* _Records shown_

- - - - - - -

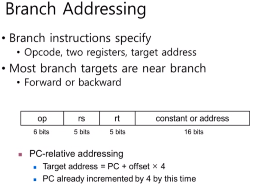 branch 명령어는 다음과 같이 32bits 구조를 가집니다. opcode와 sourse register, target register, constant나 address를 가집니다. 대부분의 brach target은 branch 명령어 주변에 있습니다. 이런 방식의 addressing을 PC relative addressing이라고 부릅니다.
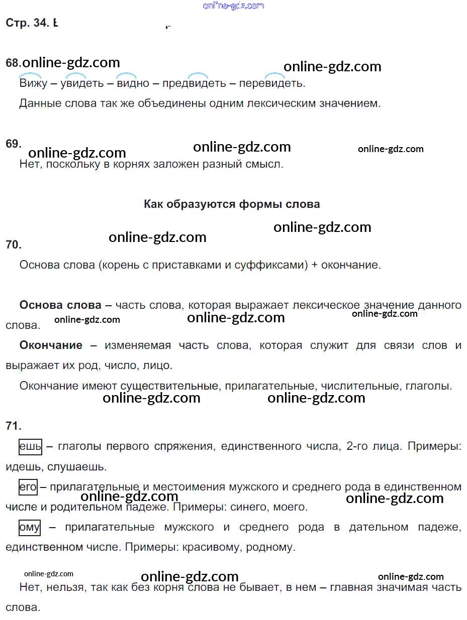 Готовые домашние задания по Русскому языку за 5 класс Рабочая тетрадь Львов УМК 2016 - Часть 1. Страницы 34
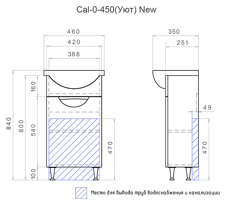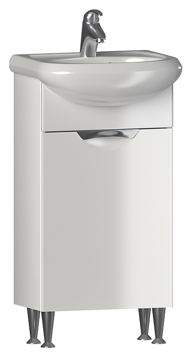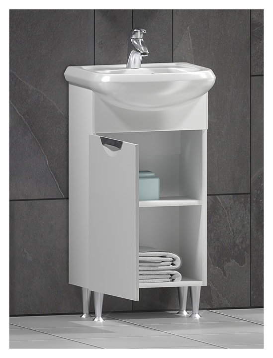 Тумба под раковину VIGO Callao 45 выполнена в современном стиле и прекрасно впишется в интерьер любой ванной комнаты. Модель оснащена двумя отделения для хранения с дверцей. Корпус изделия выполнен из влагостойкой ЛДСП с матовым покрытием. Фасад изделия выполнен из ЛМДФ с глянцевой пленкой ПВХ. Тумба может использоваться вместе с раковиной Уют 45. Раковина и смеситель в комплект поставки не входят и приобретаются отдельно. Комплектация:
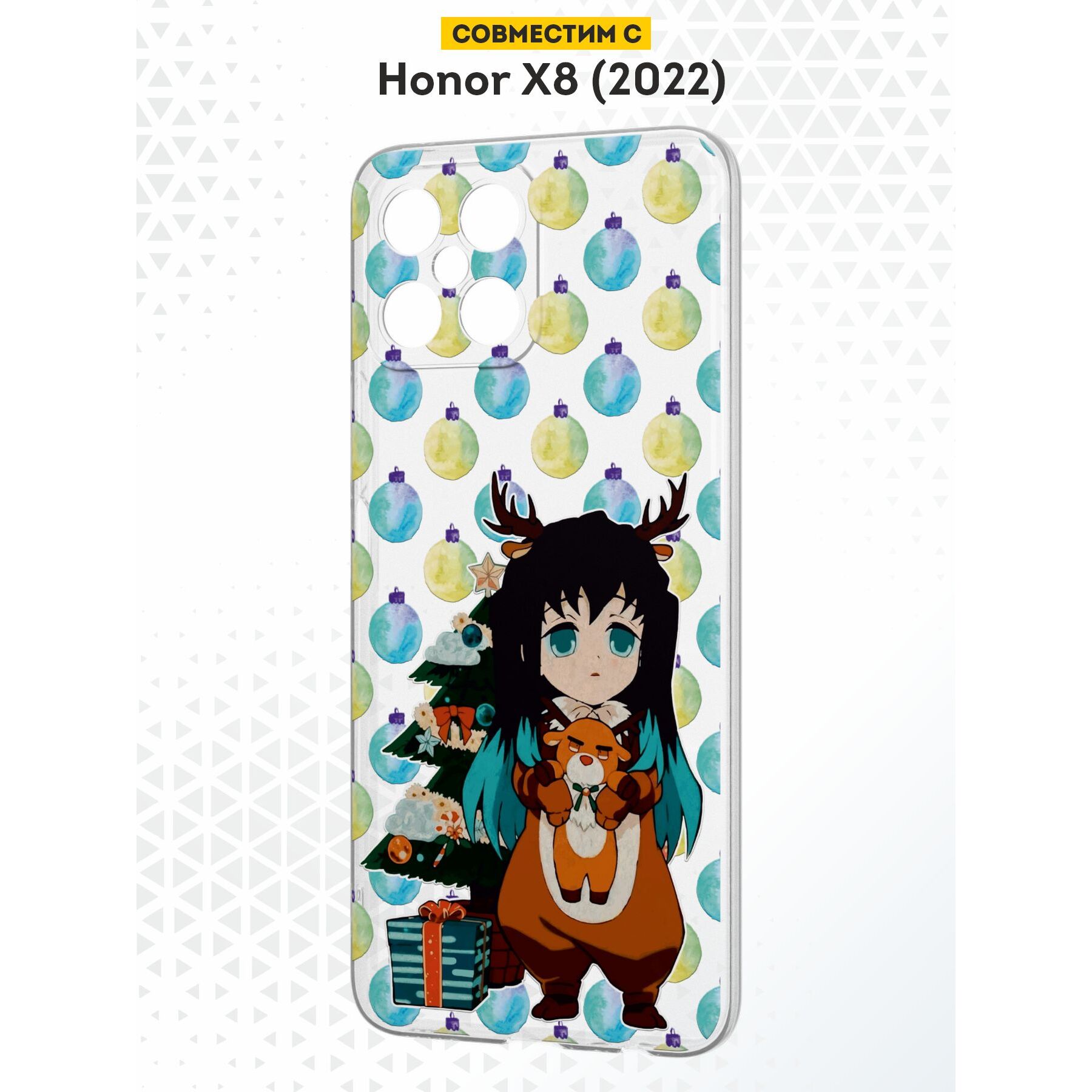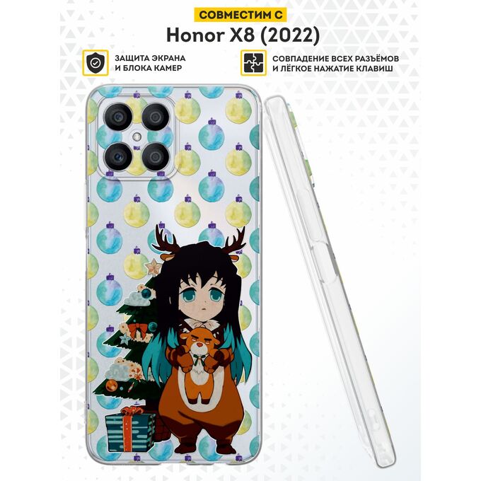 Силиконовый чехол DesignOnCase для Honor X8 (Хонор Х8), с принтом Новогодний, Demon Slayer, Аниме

- - - - - - -

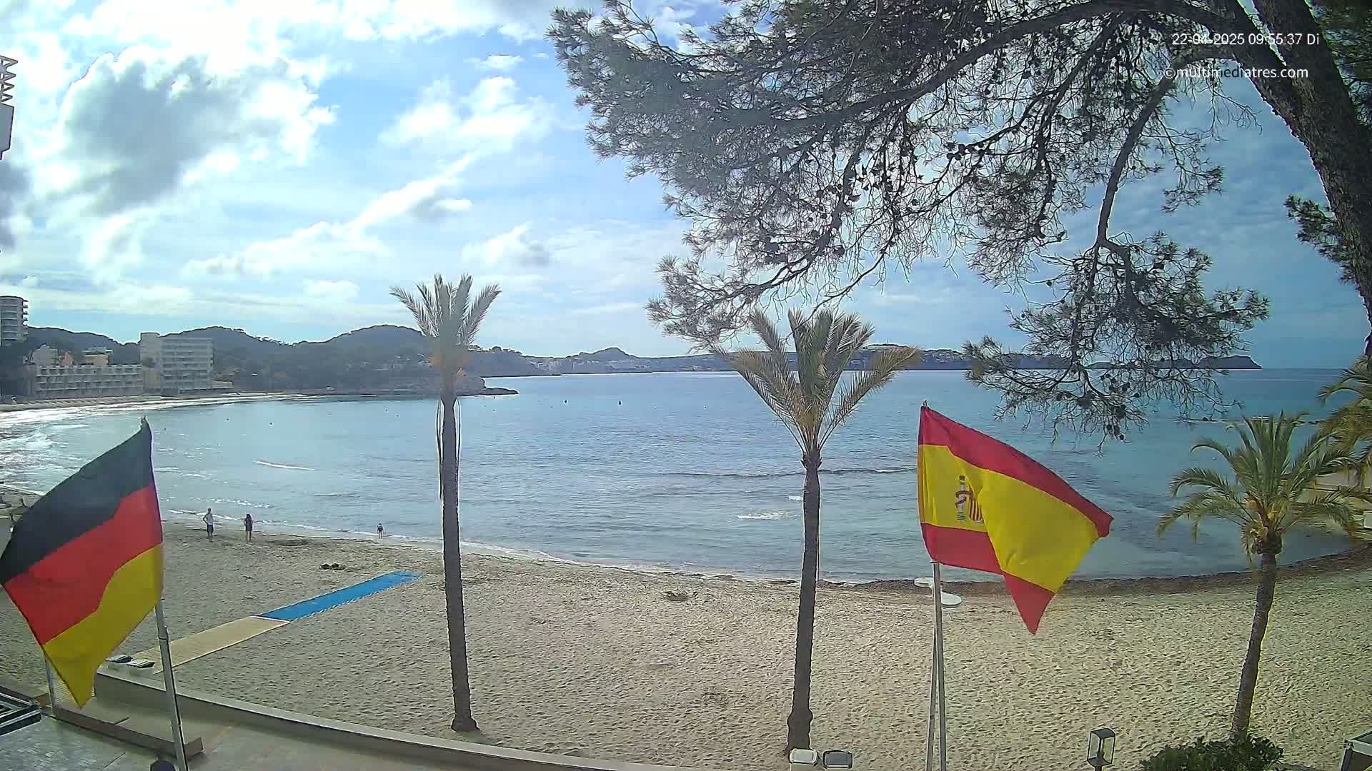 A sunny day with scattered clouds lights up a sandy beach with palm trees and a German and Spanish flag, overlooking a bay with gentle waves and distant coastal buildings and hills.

- - - - - - -

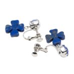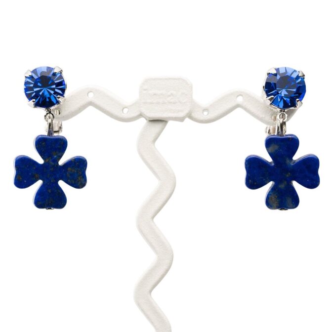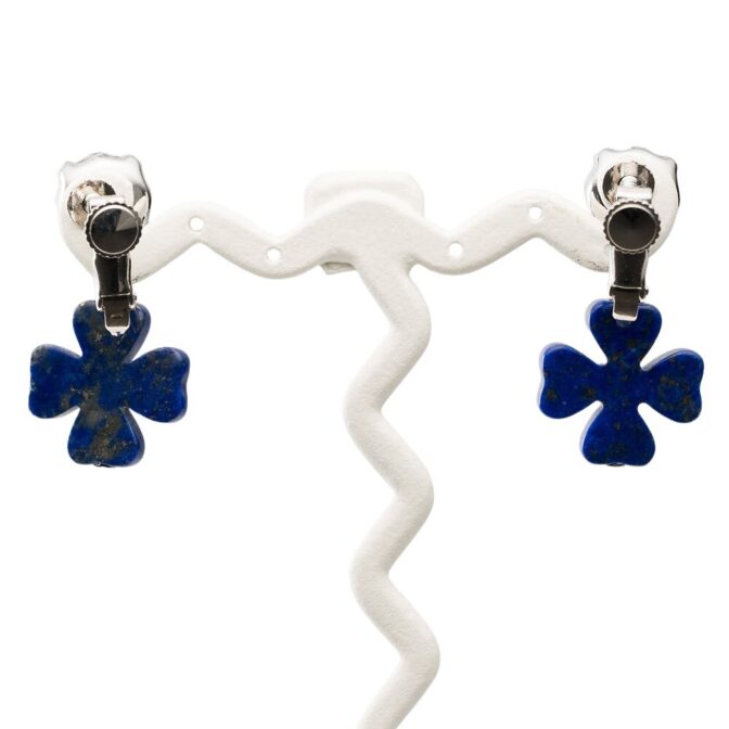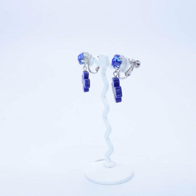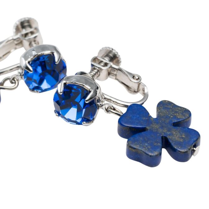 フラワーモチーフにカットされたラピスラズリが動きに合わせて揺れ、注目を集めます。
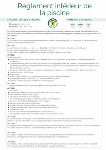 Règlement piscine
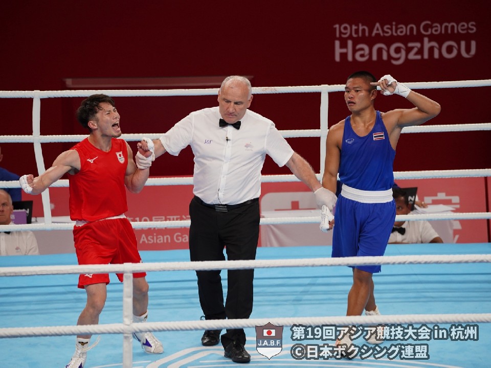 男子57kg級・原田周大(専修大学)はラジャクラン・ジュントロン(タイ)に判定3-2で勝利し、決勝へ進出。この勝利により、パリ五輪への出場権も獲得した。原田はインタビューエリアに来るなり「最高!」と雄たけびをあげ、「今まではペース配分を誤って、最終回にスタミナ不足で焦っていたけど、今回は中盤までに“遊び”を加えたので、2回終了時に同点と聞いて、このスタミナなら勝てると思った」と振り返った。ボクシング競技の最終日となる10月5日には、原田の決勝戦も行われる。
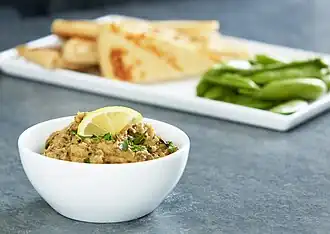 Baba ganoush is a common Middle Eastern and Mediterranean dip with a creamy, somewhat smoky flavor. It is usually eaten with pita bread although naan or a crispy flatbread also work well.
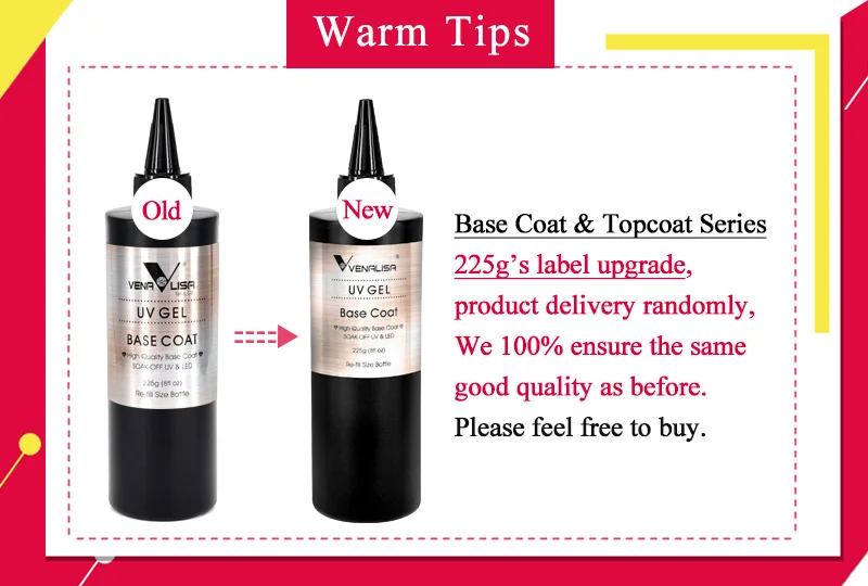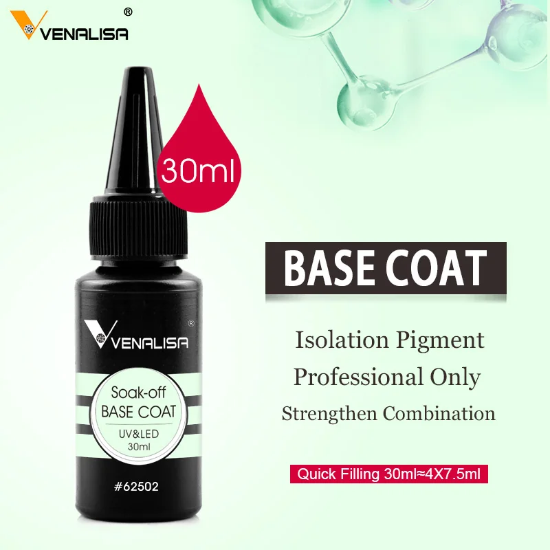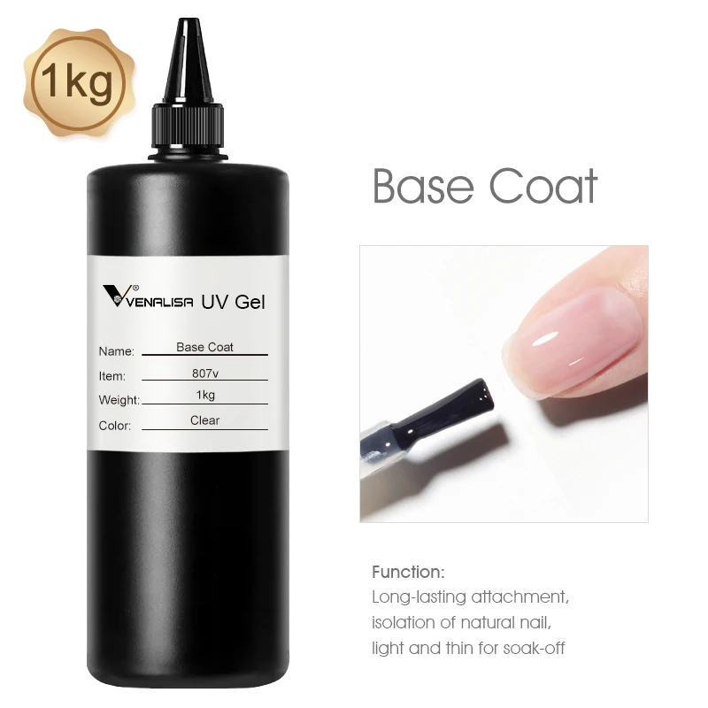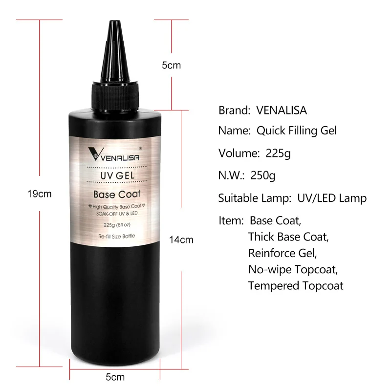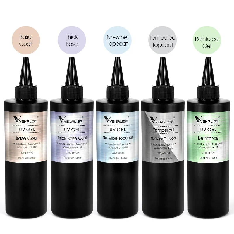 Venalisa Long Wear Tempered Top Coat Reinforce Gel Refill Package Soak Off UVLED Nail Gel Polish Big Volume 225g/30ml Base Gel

- - - - - - -

* _Your objective_
Line for line, output the entries above from the line with "フラワーモチーフにカットされ" to the line with "Baba ganoush is", both included, and nothing more. Skip pictures.

* _Solution for this problem_
 フラワーモチーフにカットされたラピスラズリが動きに合わせて揺れ、注目を集めます。
 Règlement piscine
 男子57kg級・原田周大(専修大学)はラジャクラン・ジュントロン(タイ)に判定3-2で勝利し、決勝へ進出。この勝利により、パリ五輪への出場権も獲得した。原田はインタビューエリアに来るなり「最高!」と雄たけびをあげ、「今まではペース配分を誤って、最終回にスタミナ不足で焦っていたけど、今回は中盤までに“遊び”を加えたので、2回終了時に同点と聞いて、このスタミナなら勝てると思った」と振り返った。ボクシング競技の最終日となる10月5日には、原田の決勝戦も行われる。
 Baba ganoush is a common Middle Eastern and Mediterranean dip with a creamy, somewhat smoky flavor. It is usually eaten with pita bread although naan or a crispy flatbread also work well.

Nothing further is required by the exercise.